From all I’ve read, it looks like Americans are doing better than ever but are less satisfied due to ever-increasing expectations. My hunch is that for the vast majority of people, social media fuels this.

prof-dr-ir

4 days ago

> they’re considerably higher than one, two or any number of decades ago

I do not think that is correct? This actually shows stagnation for at least 2 decades in real median household income:

https://en.wikipedia.org/wiki/Household_income_in_the_United...

Source: https://en.wikipedia.org/wiki/Household_income_in_the_United...

AlchemistCamp

4 days ago

The chart you shared shows over a 30% increase of U.S. real median household income over three decades.

First, note that this is median, not mean, so it’s not skewed by outliers. Secondly, t’s real income, which means it’s already inflation adjusted. Finally, it’s a measure of households not people. This understates the per-capita gains, since the average household size has shrunk since the 80s. Arguably, increasing prosperity is part of why people now choose to live with fewer people such as extended relatives and housemates.

izacus

4 days ago

> From all I’ve read, it looks like Americans are doing better than ever but are less satisfied due to ever-increasing expectations. My hunch is that for the vast majority of people, social media fuels this.

Or maybe the numbers are heavily cherry-picked, averaged and grouped to doctor them into prosperous metrics that aren't experienced by the large portion of the population.

megaman821

4 days ago

What time period are you imagining that it would be better to be in the bottom half of income distribution than now?

All that wealth at the top is tied up in investments. It is moving through the economy; it is not a stockpile of gold coins hidden in a mountain.

VancouverMan

4 days ago

> Everyone else is experiencing outrageous costs of housing, education, and medical care ...

This shouldn't come as a surprise.

Those three sectors you list have tremendously invasive and widespread government interference, and it has only gotten worse with time.

This government interference inherently creates various types of economic inefficiencies (such as the loss of competition, corruption, wasteful bureaucracy, diverting resources to the unproductive users, etc.) that eventually result in severe distortions throughout the entire economy.

This isn't a problem just in the US, either. It's also happening in Canada, for example, and often to a far worse degree.

Anyone who proposes more government interference as the solution to these government-created problems will inherently be making the situation worse.

photochemsyn

4 days ago

Europe's most fundamental problem appears to be the energy supply, which is dominated by fossil fuel imports - Russian gas and oil, Middle Eastern & North African gas and oil, and US LNG tanker gas. This puts Europe in a bind, as the document notes:

> "Even though energy prices have fallen considerably from their peaks, EU companies still face electricity prices that are 2-3 times those in the US. Natural gas prices paid are 4-5 times higher. This price gap is primarily driven by Europe’s lack of natural resources, but also by fundamental issues with our common energy market. Market rules prevent industries and households from capturing the full benefits of clean energy in their bills. High taxes and rents captured by financial traders raise energy costs for our economy."

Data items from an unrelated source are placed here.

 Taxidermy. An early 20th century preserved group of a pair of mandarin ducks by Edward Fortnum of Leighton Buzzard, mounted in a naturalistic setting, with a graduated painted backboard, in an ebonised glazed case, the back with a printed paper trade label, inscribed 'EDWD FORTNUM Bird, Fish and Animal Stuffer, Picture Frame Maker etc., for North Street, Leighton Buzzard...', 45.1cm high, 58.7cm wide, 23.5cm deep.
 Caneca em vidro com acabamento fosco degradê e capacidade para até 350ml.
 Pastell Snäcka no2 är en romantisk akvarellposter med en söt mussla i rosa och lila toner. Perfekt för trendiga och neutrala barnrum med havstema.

These costs percolate through the rest of the European economy, affecting everything from data centers to manufacturing plants to household budgets and consumer spending. The only real long-term fix will be to construct an energy system not reliant on imports from the rest of the world, and while some progress is being made, it'll take decades of focused effort (with China in the lead) to get off fossil fuels entirely, with the established and politicially influential fossil fuel investor class fighting it every step of the way, as has been the case in the United States ever since the late 1970s.

magicalhippo

4 days ago

We make B2B software that we sell in several EU countries, which interfaces with official systems.

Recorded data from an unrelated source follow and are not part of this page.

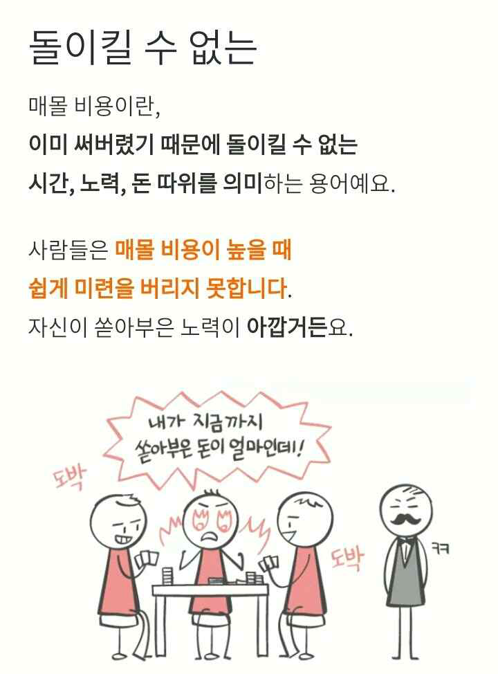 매몰비용 효과는 ‘손실 회피 본능’과 깊이 연관된다. (본전 생각이 발목 잡는다.)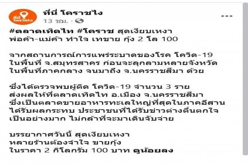วันที่ 26 ธันวาคม 2563 เพจเฟซบุ๊กที่นี่โคราช ได้โพสต์ภาพพร้อมข้อความระบุว่า ตลาดเทิดไท โคราช สุดเงียบเหงา พ่อค้า แม่ค้า ทำใจ เทขาย กุ้ง 2 โล 100 จากสถานการณ์การ cvd ในพื้นที่ จ.สมุทรสาคร ก่อนจะลุกลามหลายจังหวัด ในพื้นที่ภาคกลาง จนมาถึง จ.นครราชสีมา ด้วย ซึ่งได้ตรวจพบ จำนวน 3 ราย ส่งผลให้ที่ตลาดเทิดไท อ.เมือง จ.นครราชสีมา ซึ่งเป็นตลาดขายอาหารทะเลใหญ่ที่สุดในภาคอีสาน ได้รับผลกระทบ ประชาชนที่ได้รับข่าวต่างตื่นตกใจ เป็นอย่างมาก ไม่กล้าที่จะมาเดินจับจ่าย บรรยากาศวันนี้ สุดเงียบเหงา หลายร้านต้องจำใจ ขายกุ้ง ในราคา 2 กิโลกรัม 100 บาท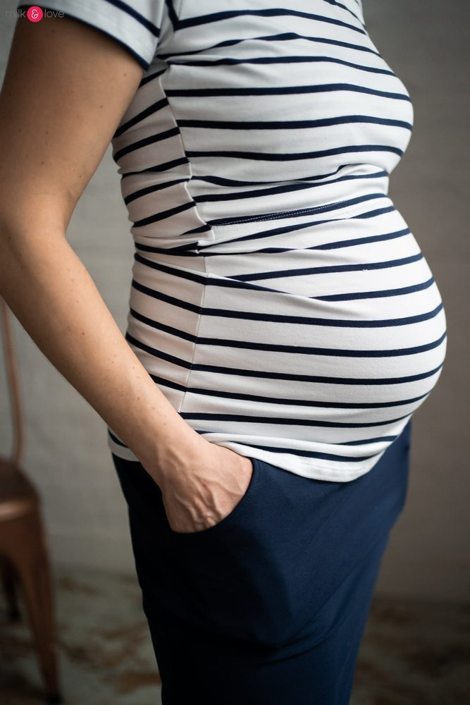 Spódnica ciążowa z kieszeniami to idealna baza do ciążowych stylizacji. Można ją nosić na co dzień z trampkami, z balerinami na niezobowiązujące spotkania i do szpilek na większe wyjścia. Miękka dzianina nie powoduje ucisku oraz daje swobodę ruchu. Niski pas typu "jodełka" jest niezwykle wygodny, bo nie podrażnia skóry na brzuchu, która staje się szczególnie wrażliwa w ciąży. To najlepsze rozwiązanie na cieplejsze, wiosenno-letnie dni.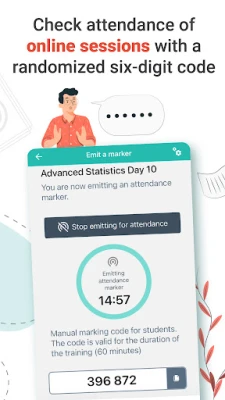 • Track In-Person and Online Classes: Use secure Bluetooth for on-campus tracking or a six-digit code for virtual classes.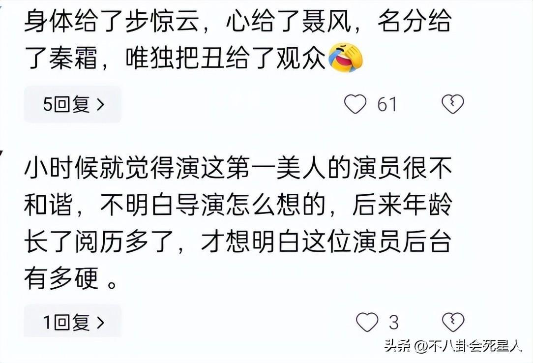 直到現在,提起《風雲》裏的孔慈,評論區都在吐槽顏值與人設不符,對觀衆的眼睛是一種考驗。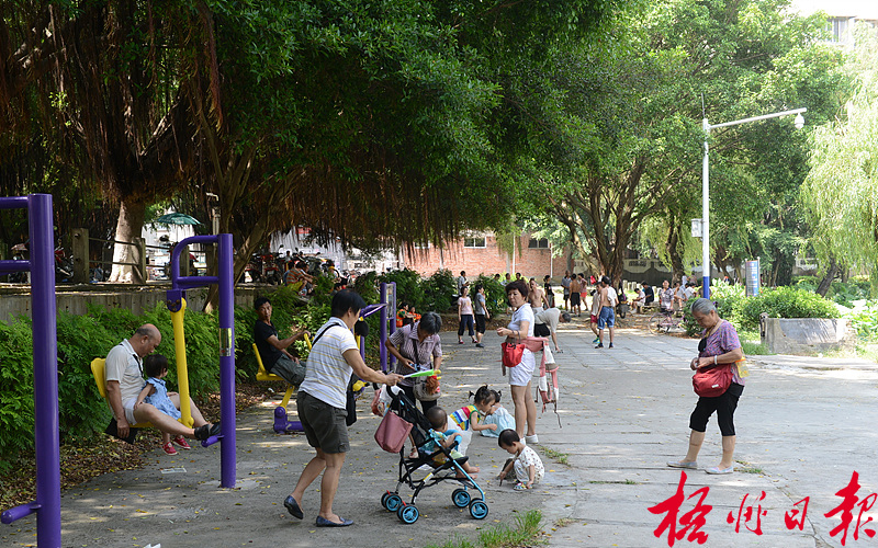 ????高溫高濕的“桑拿天”已持續較長時間,上午9點左右太陽已相當猛烈。記者看到,外出到各個公園游玩的市民都選擇到大樹下遮蔭乘涼,開展各種健身活動。 李鴻榮 攝

Even though all countries are subject to the same EU rules, and follow the same underlying technical model, each country has its own laws and regulations, and separate implementations.

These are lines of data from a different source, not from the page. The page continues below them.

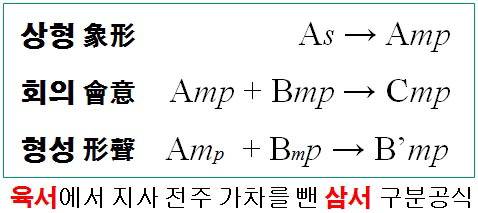 어떤 한자가 상형 회의 형성 중 무엇에 따라 이루어진 한자인지 삼서 구분공식에 의해 헤아리면 그 한자가 왜 그런 의미와 발음을 지닌 한자인지 알게 된다.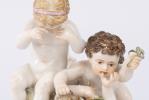 2 bambins en porcelaine de Meissen se disputant une beauté.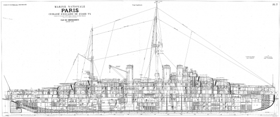 34 листа архивных чертежей французского линкора PARIS 1912 год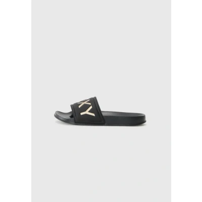 Roxy Slippy Pool slides black/goldcoloured Sale at Zalando UK | Upper material: highquality imitation leather/Lining: textile/Sole: synthetics/Insole: synthetics | Sale order at Zalando UK! Size: 7. Color: Black/gold/coloured. Pattern: print.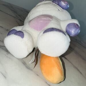 It has a sparkly purple bow and matching hooves.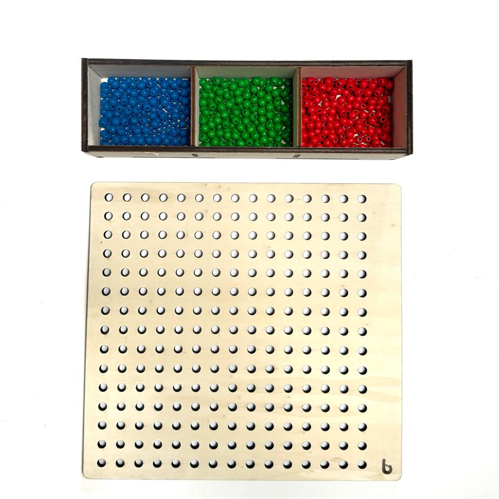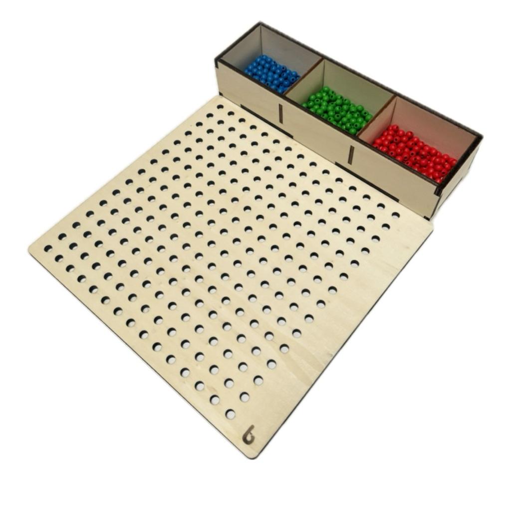 Dimensione tavola 28x28 cm spessore 0,6 cm; dimensione scatola: 29x11 cm altezza 6 cm spessore 0,6 cm. 150 perline rosse; 150 perline verdi; 150 perline blu.

So even though our software does "the same thing" in each country, it's so different that a lot of code is per-country, over 50%.

So it's several times the job of doing it once.

However, that's the easy bit, it just takes more development time. The hard part is getting access to systems, coordinate testing and all those things which require national agencies to answer. And if they have to get an answer from some EU instance, well, it's usually blind luck if we get a response.

Just as an example, it took us over a year to get test access to a new system, because access was given centrally in EU, even though the endpoint was hosted nationally. And that was for the country where we managed to get access...

I get that US state laws differ, but from my understanding it's not nearly as different as it is between member countries in the EU.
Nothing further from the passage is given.